▶ [Problem to solve]:
The lines to extract run from the first line of the material below to the line containing "这是一部以网络发行为主的科幻", both included; leave the pictures behind.

▶ [Extracted information]:
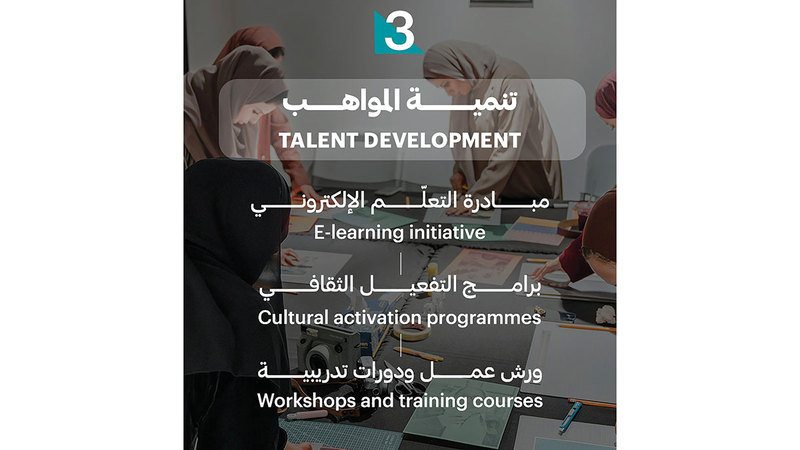 أما محور «الإنتاج الإبداعي» فيضم مجموعة من البرامج، من أبرزها «منحة دبي الثقافية»، و«المنح الصغيرة» بالتعاون مع «فن جميل»، و«التكليفات الإبداعية المصغّرة» بالتعاون مع «لكجرينت للتصميم»، الذي أسسه رائد الأعمال الإماراتي، سعيد سيف الكتبي، إضافة إلى «منحة المعارض الفنية» بالتعاون مع «آرت دبي»، ويشمل محور «تنمية المواهب» استمرارية مبادرة التعلم الإلكتروني بالشراكة مع «لينكد إن»، أكبر شبكة مهنية في العالم.
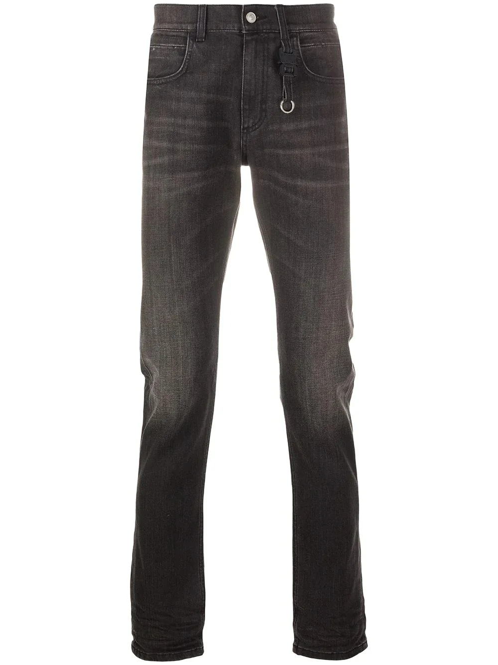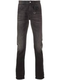 denim straight leg jeans Black cotton blend denim straight leg jeans from 1017 ALYX 9SM featuring a waistband with belt loops, a five pocket design, a button and zip fly and a hanging key fob. Made in Italy Composition Cotton 98%, Polyurethane 2% SIZE & FIT Model measurements Height 6 ft 2 in(1.89 m) Bust/Chest 37.79 in(96 cm) Hips 37 in(94 cm) Waist 29.92 in(76 cm) FittingInformation This piece fits true to size. We recommend you get your regular size Cut for a slim fit Made with a mid-weight stretch fabric Washing instructions Dry Clean Only
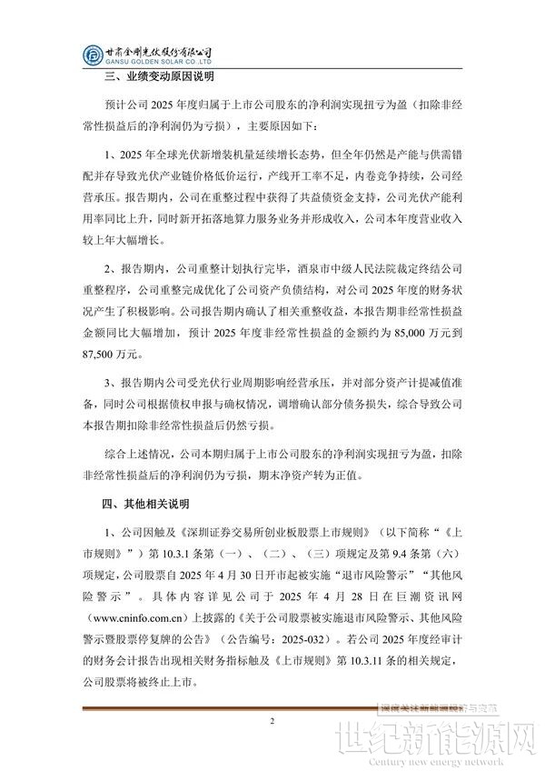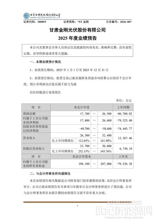 1月30日,A股上市公司*ST金发布全年业绩预告,公司预计2025年1-12月扭亏为盈,营业收入为2.63亿至3.24亿元,归属于上市公司股东的净利润为1.78亿至2.66亿,净利润同比增长122.38%至133.45%。
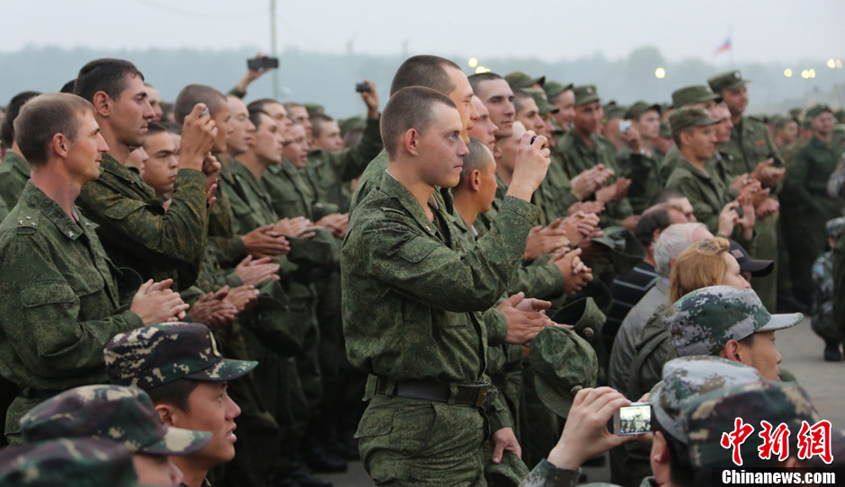 8月10日,隨同中方參演部隊赴俄羅斯參加“和平使命-2013”中俄聯演的沈陽軍區政治部文工團演員們,為中俄千余名參演官兵獻上了一場精彩的文藝晚會。豐富多彩的文藝節目,將位于切巴爾庫爾訓練場的中俄聯演野營村,變成了友誼的盛會、歡樂的海洋。圖為精彩節目吸引俄國官兵。中新社發 李祥輝 攝
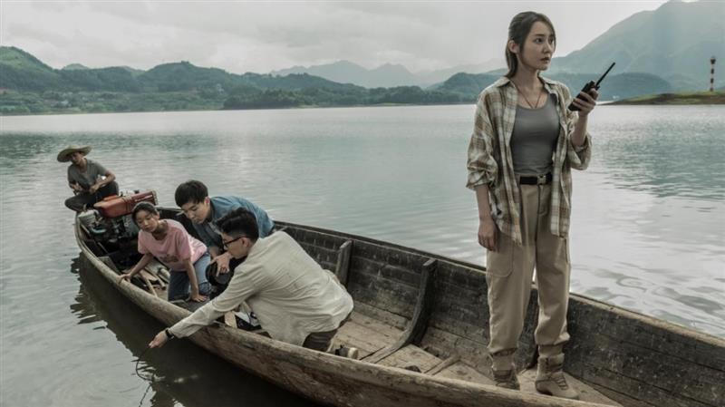这是一部以网络发行为主的科幻电影,名字叫《超能水怪》,5月10日在浙江丽水遂昌开机,今日拍摄在遂昌湖山取景。在通往拍摄的路上,小编远远就看到了排成长长的车队和10多辆船只在等候拍摄。
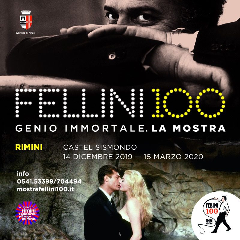 A 100 anni dalla nascita del Maestro del cinema Federico Fellini la città di Rimini si prepara a celebrarlo per un intero anno con una serie di iniziative che partono il 14 dicembre 2019 con l’inaugurazione di una grande mostra nelle sale di Castel Sismondo. L’esposizione Fellini 100. Genio Immortale è progettata da Studio Azzurro di Milano ed è curata da Marco Bertozzi e Anna Villari. L’esposizione si sviluppa attraverso quattordici sale e si caratterizza per un allestimento scenografico innovativo: ogni sala tende a prendere l’aspetto di un set cinematografico con una particolare caratterizzazione multimediale e dalle connotazioni di forte “messa in scena” in modo che il pubblico più che di fronte ad una serie di informazioni visive e testuali possa trovarsi avvolto da esse. Tre i nuclei di contenuti: la storia d’Italia a partire dagli anni Venti-Trenta per passare poi al dopoguerra e finire agli anni Ottanta attraverso l’immaginario dei film di Fellini, il racconto dei compagni di viaggio del regista – reali, immaginari, collaboratori – e la presentazione del progetto permanente del Museo Internazionale Federico Fellini. Il materiale originale in mostra è costituito da film, disegni, costumi, documenti, manoscritti e fotografie proveniente dal patrimonio accumulato negli anni dell’ex Fondazione Fellini – ora proprietà del Comune di Rimini – e da fondazioni, archivi pubblici e collezioni private con i quali il Comune di Rimini ha collaborato in passato e che forniscono il materiale in loro possesso, in alcuni casi ancora inedito. Una sezione presenterà ad esempio il materiale del Fondo Nino Rota, il celebre compositore che ha collaborato con Fellini su molti film mentre dal set di Casanova sarà in mostra il ciak originale, in prestito della Fondazione Fellini di Sion con la quale il Comune di Rimini ha siglato un protocollo di intesa. Altri prestiti sono provenienti dall’archivio fotografico di Elisabetta Catalano e dalle collezioni private dei maestri della fotografia Tonino Delli Colli e Giuseppe Rotunno mentre dall’archivio dell’Associazione Tonino Guerra ci saranno materiali inediti appartenuti al poeta, scrittore e sceneggiatore nato anche lui nel 1920 come l’amico Fellini. La mostra resterà allestita a Rimini fino al 15 marzo 2020 per poi cominciare il suo viaggio e arriverà a Roma il prossimo aprile 2020 a Palazzo Venezia, per poi varcare i confini nazionali con esposizioni a Los Angeles, Mosca e Berlino.
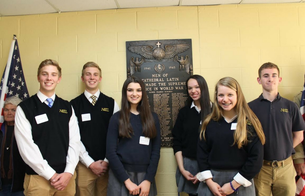 NDCL students, Eddie Zucker ’18, Dan Zucker ’18, Julia Tripodo ’20, Erin Brownlee ’17, Nicole Grosel ’20, and David Mele ’18 join in the Blessing Ceremony of the refurbished World World II Plaque honoring Cathedral Latin Veterans now housed at Notre Dame-Cathedral Latin School.
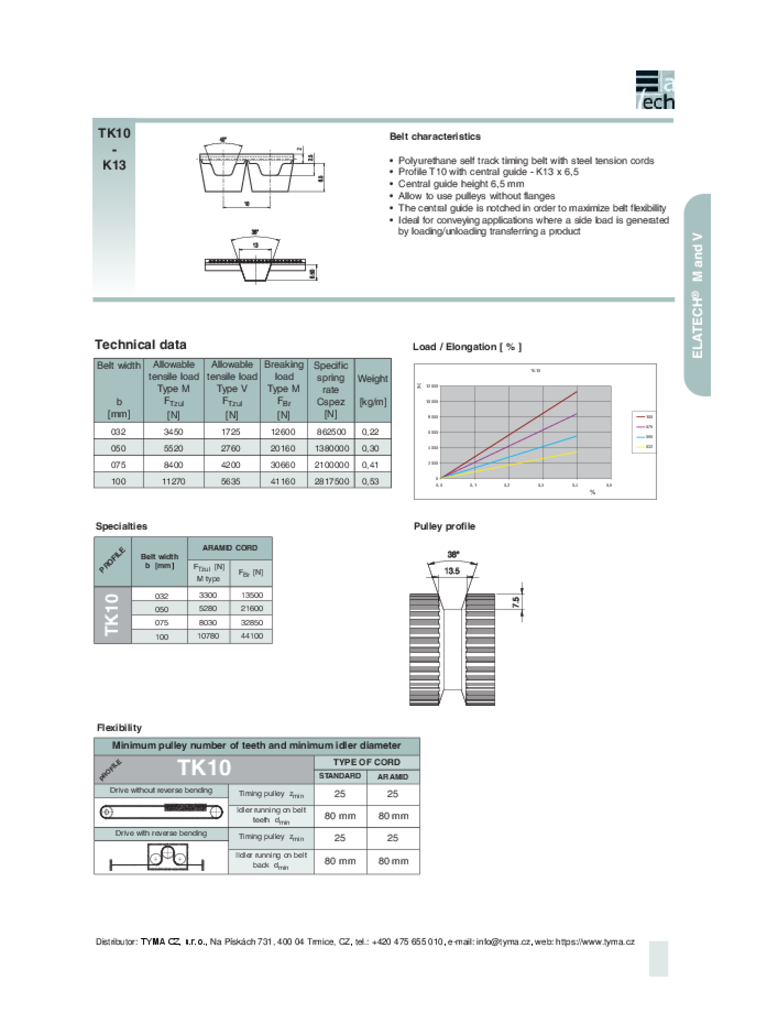 Technical Data and Characteristics of TK10 - K13 Belts
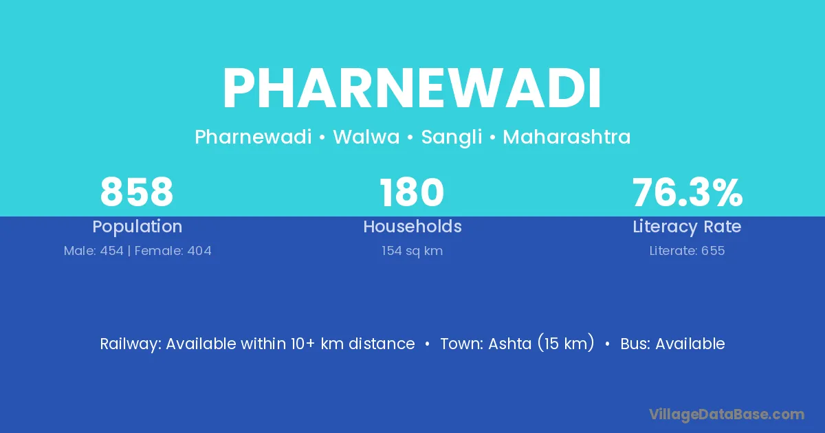 Ashta (15 km) is the nearest town to Pharnewadi village for major economic activities and is located approximately 15 km away.
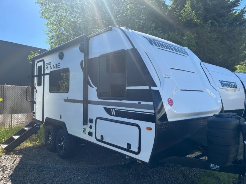 Start out on your boundless journey in one of these Winnebago Micro Minnie travel trailers! Towing is made simple with the 7' width to keep your Micro Minnie in your rear-view mirror. They don't lack in features either although they are compact in size. The spacious galley including a sink, refrigerator, a cooktop, and even a convection microwave oven allows you to cook without compromise. You will not only enjoy the entertainment found indoors with a Smart TV, a JBL premium sound system and Aura Cube high performance mechless media center, but outdoors you will also enjoy the JBL premium speakers and a power awning with LED lighting. Each model also comes with flexible exterior storage to make packing quick and easy, a 200-watt solar panel for off-grid camping, and Dexter TORFLEX torsion stub axles for smooth towing!
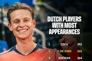 據(jù)巴薩官方數(shù)據(jù)統(tǒng)計,弗蘭基-德容為巴薩出戰(zhàn)場次已經達到265場,超越羅納德-科曼,成為代表巴薩出戰(zhàn)場次第二多的荷蘭球員,僅次于292場的科庫。

▶ [Exercise answer]:
 أما محور «الإنتاج الإبداعي» فيضم مجموعة من البرامج، من أبرزها «منحة دبي الثقافية»، و«المنح الصغيرة» بالتعاون مع «فن جميل»، و«التكليفات الإبداعية المصغّرة» بالتعاون مع «لكجرينت للتصميم»، الذي أسسه رائد الأعمال الإماراتي، سعيد سيف الكتبي، إضافة إلى «منحة المعارض الفنية» بالتعاون مع «آرت دبي»، ويشمل محور «تنمية المواهب» استمرارية مبادرة التعلم الإلكتروني بالشراكة مع «لينكد إن»، أكبر شبكة مهنية في العالم.
 denim straight leg jeans Black cotton blend denim straight leg jeans from 1017 ALYX 9SM featuring a waistband with belt loops, a five pocket design, a button and zip fly and a hanging key fob. Made in Italy Composition Cotton 98%, Polyurethane 2% SIZE & FIT Model measurements Height 6 ft 2 in(1.89 m) Bust/Chest 37.79 in(96 cm) Hips 37 in(94 cm) Waist 29.92 in(76 cm) FittingInformation This piece fits true to size. We recommend you get your regular size Cut for a slim fit Made with a mid-weight stretch fabric Washing instructions Dry Clean Only
 1月30日,A股上市公司*ST金发布全年业绩预告,公司预计2025年1-12月扭亏为盈,营业收入为2.63亿至3.24亿元,归属于上市公司股东的净利润为1.78亿至2.66亿,净利润同比增长122.38%至133.45%。
 8月10日,隨同中方參演部隊赴俄羅斯參加“和平使命-2013”中俄聯演的沈陽軍區政治部文工團演員們,為中俄千余名參演官兵獻上了一場精彩的文藝晚會。豐富多彩的文藝節目,將位于切巴爾庫爾訓練場的中俄聯演野營村,變成了友誼的盛會、歡樂的海洋。圖為精彩節目吸引俄國官兵。中新社發 李祥輝 攝
这是一部以网络发行为主的科幻电影,名字叫《超能水怪》,5月10日在浙江丽水遂昌开机,今日拍摄在遂昌湖山取景。在通往拍摄的路上,小编远远就看到了排成长长的车队和10多辆船只在等候拍摄。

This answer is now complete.